- Episode no.: Season 3 Episode 11
- Directed by: John Croyston
- Based on: The Schoolmistress by Arthur Wing Pinero
- Original air date: 15 March 1967
- Running time: 90 minutes

= The Schoolmistress (Wednesday Theatre) =

"The Schoolmistress" is a 1967 Australian TV play based on The Schoolmistress by Arthur Wing Pinero. John Croyston directed based on a stage play presented by Alexander Hay. It aired as part of Wednesday Theatre.

==Plot==
At a girls school one of the girls is secretly married to a young man her parents have forbidden her to see.

== Cast ==
- David Copping
- Kirrily Nolan
- Jeanie Drynan
- Judith Fisher as Peggy Hesslrigge
- Jacki Weaver
- Clarissa Kaye-Mason
- Frank Lloyd
- Alan Edwards
- Marion Johns
- Owen Weingott as Admiral Ranking

== Production ==
It was a TV version of a production of the play that was then running at the Old Tote.

== Reception ==
The Sydney Morning Herald to put the play "into the telly machine is like asking a Ford Mustang to run on oats" but admitted "_Croyston's lighting and camera movements show detailed thought and are worked to effect.
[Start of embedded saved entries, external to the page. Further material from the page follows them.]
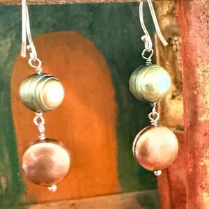 #FreshwaterPearls #SterlingSilverEarrings #PearlDropEarrings #ArtisanJewelry #NaturalPearls #BohoJewelry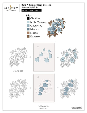 The Build-A-Garden: Happy Blossoms includes everything you need to stamp, color, and layer sweet blossoms, dainty buds, and graceful leaves with ease. A delightful floral stamp set featuring charming blooms and leaves, perfect for uplifting, heartfelt designs, a five-layer stencil set that adds vibrant color and effortless shading to every petal and leaf, and a coordinating die set that cleanly cuts the floral arrangement and key sentiments for crisp, dimensional results.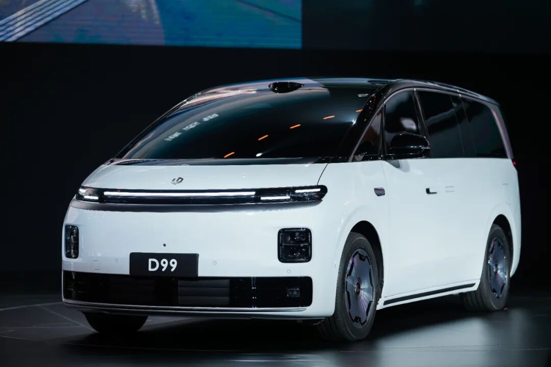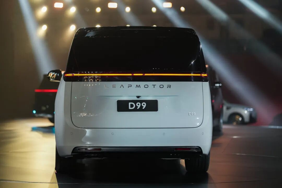 零跑D99基于LEAP 4.0技术架构打造,外观上,新车采用与零跑D19相似的家族式设计语言,车头部分,并且前脸使用了三段式日行灯+分体式大灯设计,灯带下方设计有贯穿式的哑光银饰板,前灯组采用百万像素DLP投影大灯。前包围底部中央设计有AGS主动进气格栅功能。搭配标志性的饼形轮圈,巨幕天窗加持,车身尺寸方面,车长超5200mm、车宽近2000mm,轴距超3100mm。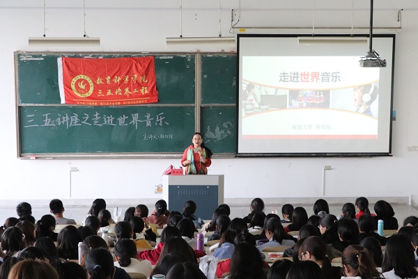 10月31日13:30,ACG动漫 于9号楼201室顺利举行了以“走进世界音乐”为主题的三五讲座。本次讲座由韩恬恬老师主讲,教科院280余名学生到场参与了本次讲座。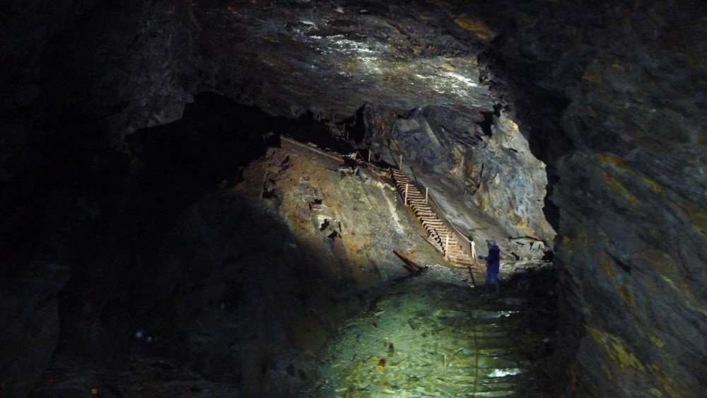 The manway which serves the BVI descends through chamber 1 west, a vast cathedral- like space where sounds seem to echo forever. Below floor B it proceeds down though a more constricted space to terminate on C floor.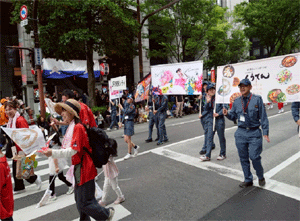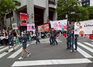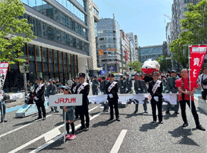 | JR九州博多シティパレード隊のプラカードとメインの 横断幕を持って、元気に沿道のお客様へ JR九州博多シティをPRする九州4団の団員達 |
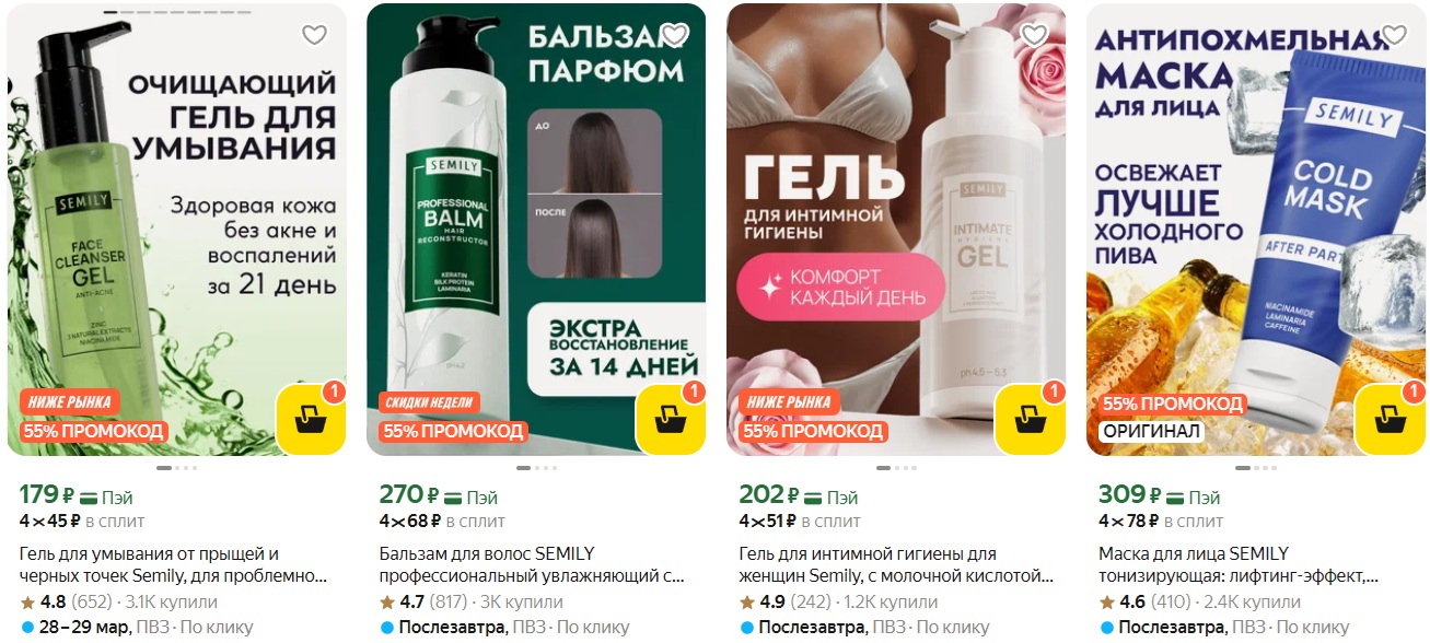Продавец на Яндекс Маркет дал огромную скидку 55% на 4 популярных уходовых средства бренда SEMILY. Цены получаются очень хорошие.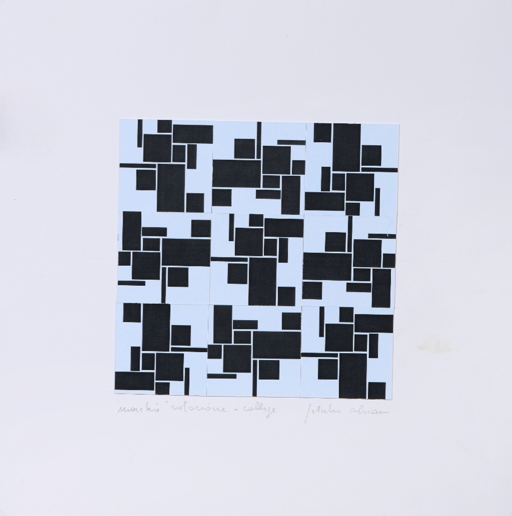 GETULIO ALVIANI, 25 x 25 cm ( collage) 50 x 50 cm carta, Titolo: Rotazione, Collage su carta, scritta e firma in basso: “marchio” rotazione- collage/ Getulio Alviani. Al verso, su un pannello di supporto: timbro Bolzicco Arte, Portogruaro (Ve), con n. 74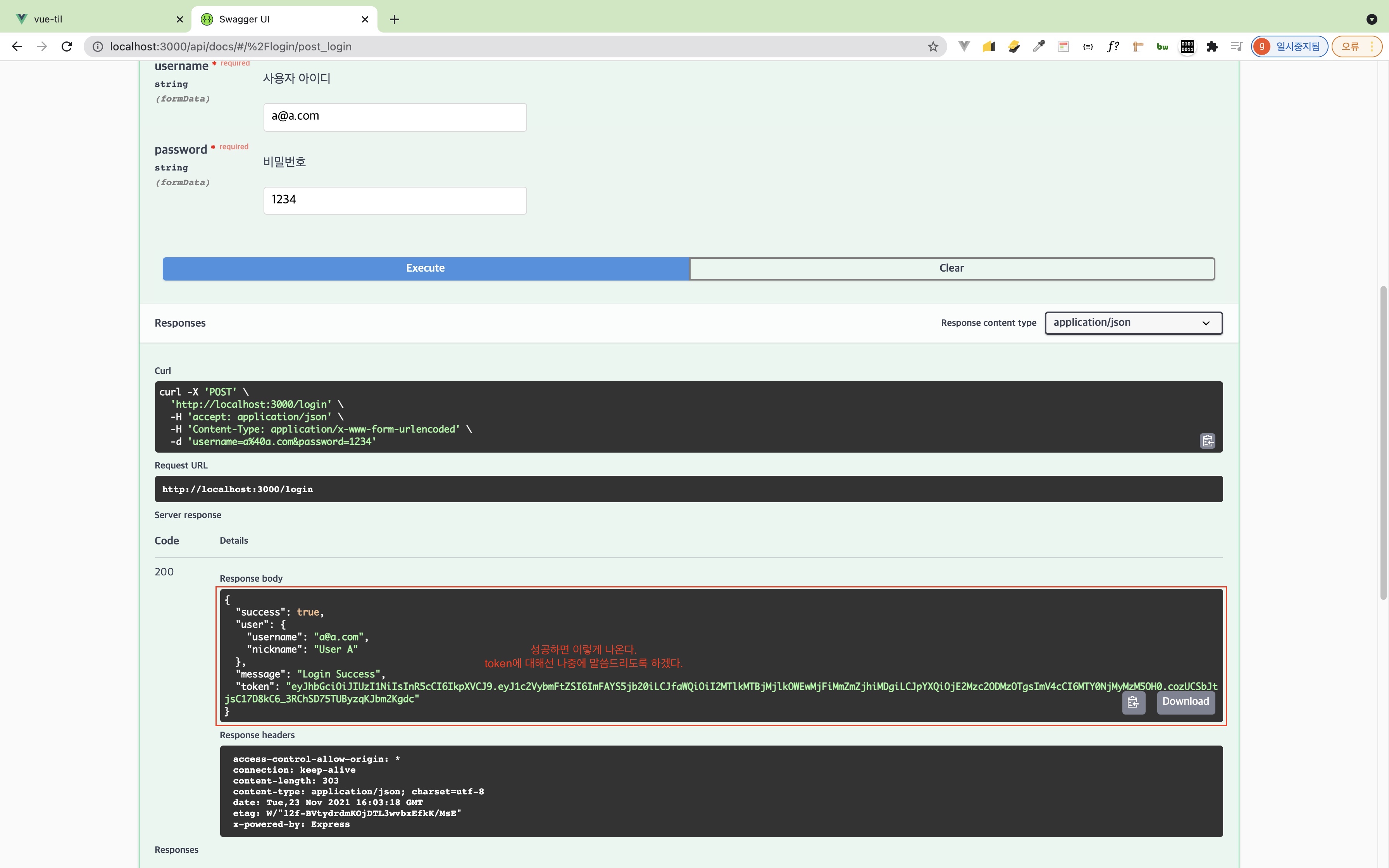다음 시간에 token을 사용해 로그인 관련 처리를 해보겠습니다.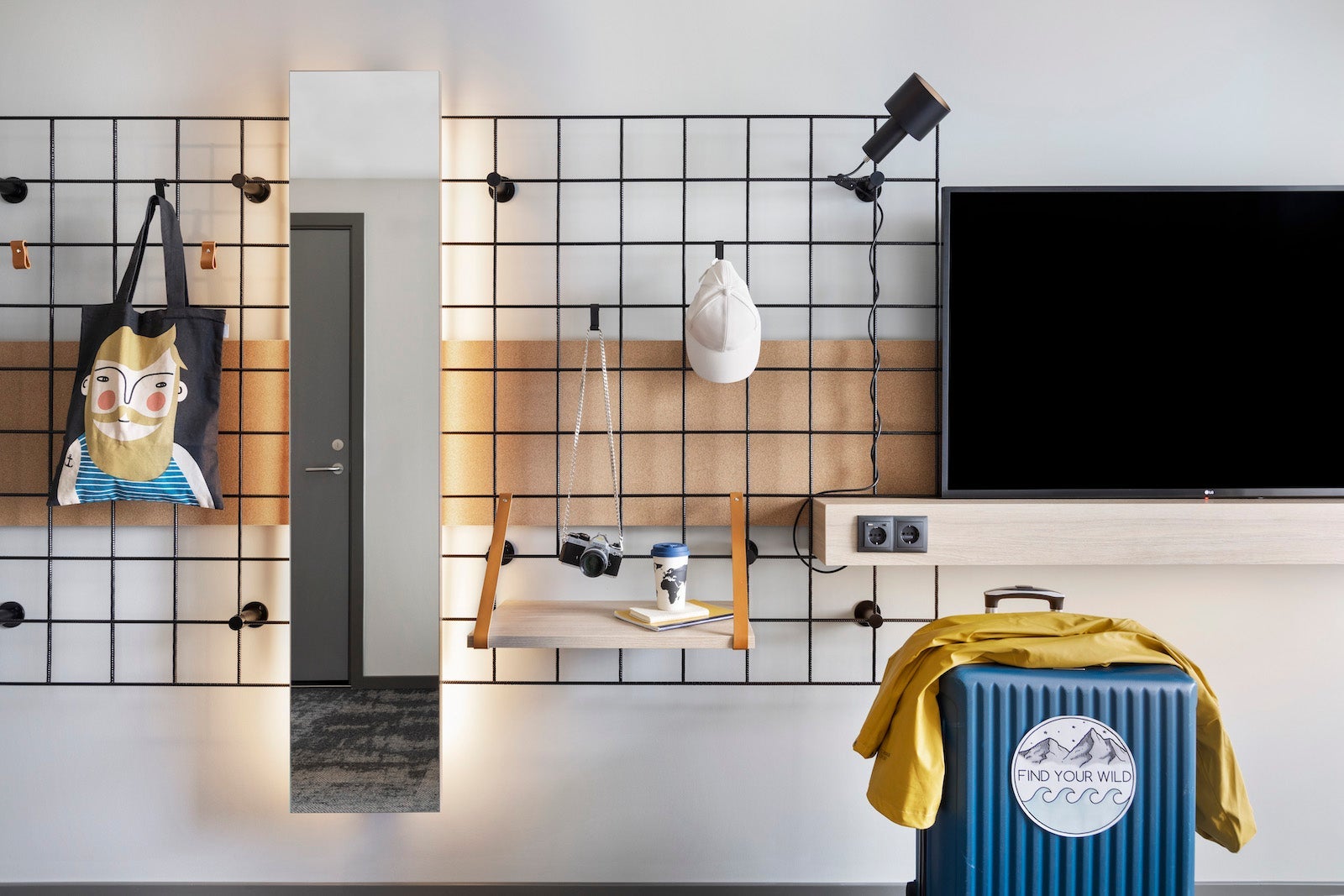 Armed with that knowledge, the Marriott team got creative and came up with "small but smart" rooms that typically measure around 185 square feet. Instead of a closet, Moxy introduced simple peg boards where guests can hang clothes or a bag. Rather than a full-on desk, some rooms offer small fold-up options that double as wall art. And in the bathroom, guests will find solid walk-in showers to wash away a day or night out on the town.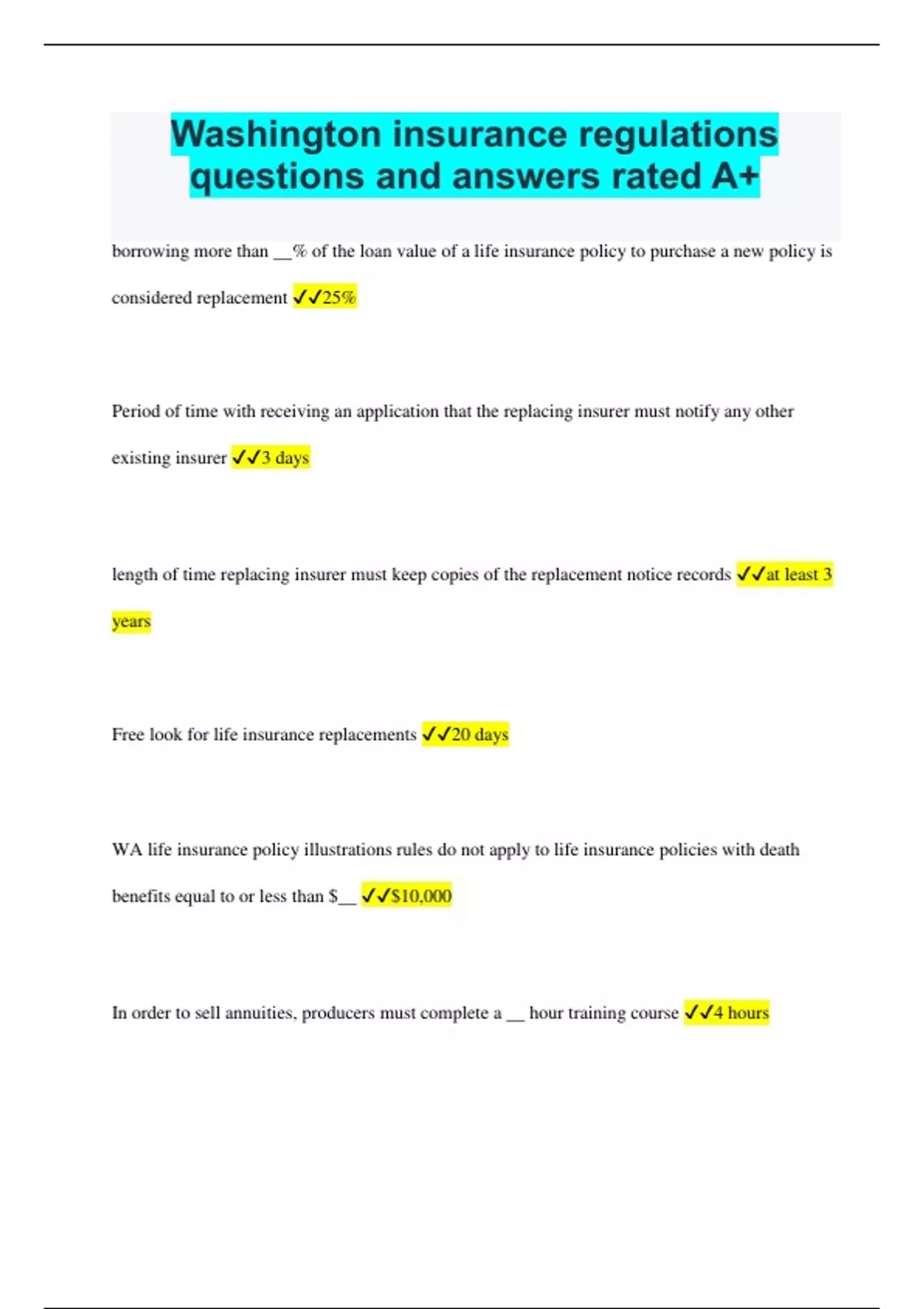 Washington insurance regulations questions and answers rated A+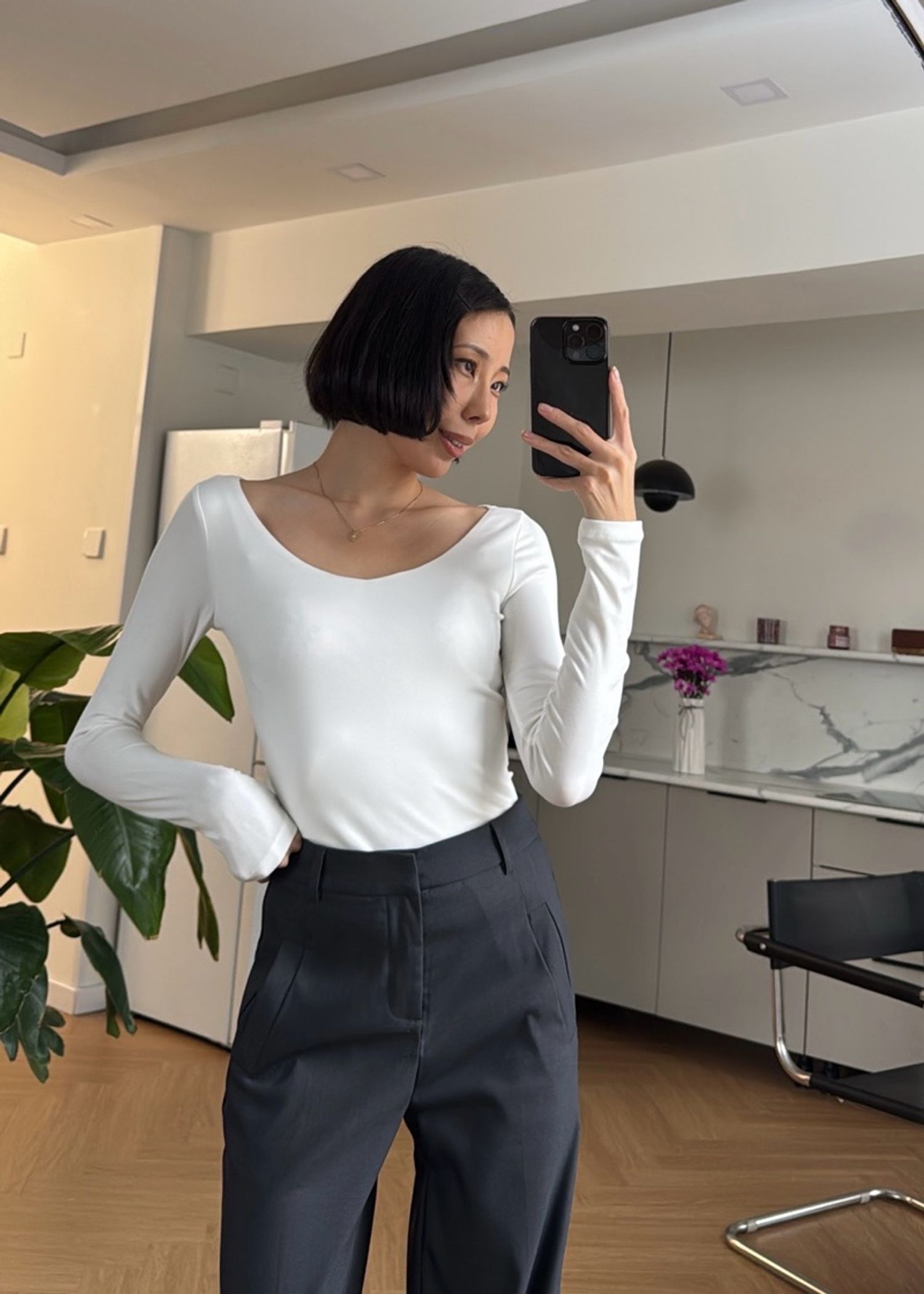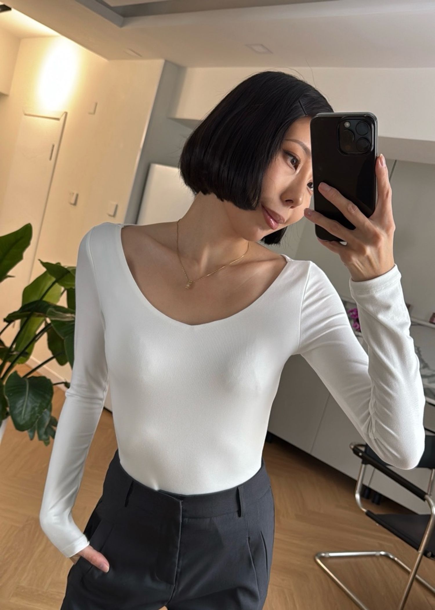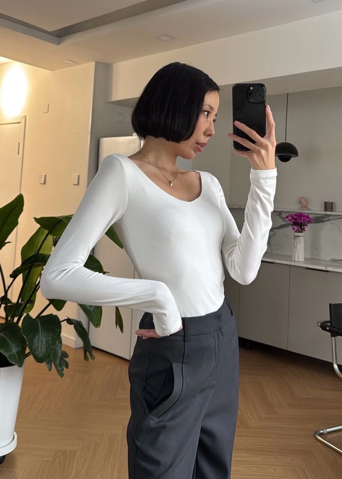 V энгэртэй, суналттай даавуун, бариу загвартай цамц. Модел 163см, 45кг size S өмссөн.

He cannot help losing colour or the third dimension, but he has kept the essential frothiness and has puffed it further with cleverly caught close-ups and so on" but that "the 90 minutes of TV seem to take longer than the 140 minutes of theatre."

The Sunday Sydney Morning Herald called it "a most enjoyable affair... the whole enterprise was one of ABN-2's more successful experiments."